▶ **What is required**
Begin at the line containing "Auony - اي يو" and copy exactly through the last line of the listing, skipping every picture.

▶ **Entries provided**
--
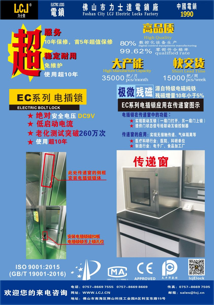 EC系列电插锁,应用于传递窗及医疗、净化行业,与您共同抗疫!260万次老化测试,超稳定耐用!
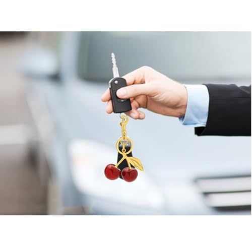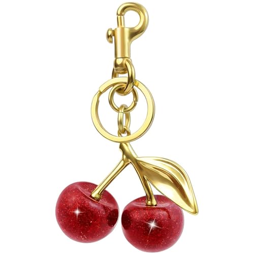 Auony - اي يو او ان واي تعليقة حقيبة الكرز اللامعة مع سلسلة مفاتيح مع حلقة مفاتيح ومشبك للمحافظ والشنط
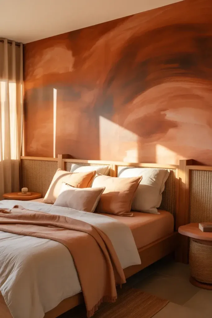 Tip: Pair terracotta with woven textures like a jute rug or a rattan headboard to complete the boho-chic look.
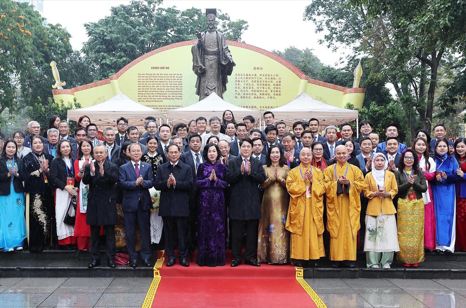 Chủ tịch nước Lương Cường và Phu nhân cùng các đại biểu trước tượng đài Vua Lý Thái Tổ. Ảnh: Lâm Khánh - TTXVN
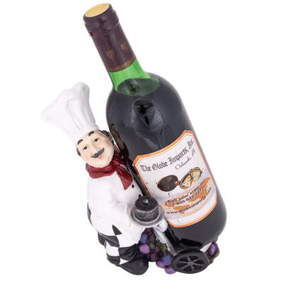 9 Inches High x 7 1/2 Inches Wide Chef and Trolley Wine Bottle Holder
--
▶ **Response to the exercise**
 Auony - اي يو او ان واي تعليقة حقيبة الكرز اللامعة مع سلسلة مفاتيح مع حلقة مفاتيح ومشبك للمحافظ والشنط
 Tip: Pair terracotta with woven textures like a jute rug or a rattan headboard to complete the boho-chic look.
 Chủ tịch nước Lương Cường và Phu nhân cùng các đại biểu trước tượng đài Vua Lý Thái Tổ. Ảnh: Lâm Khánh - TTXVN
 9 Inches High x 7 1/2 Inches Wide Chef and Trolley Wine Bottle Holder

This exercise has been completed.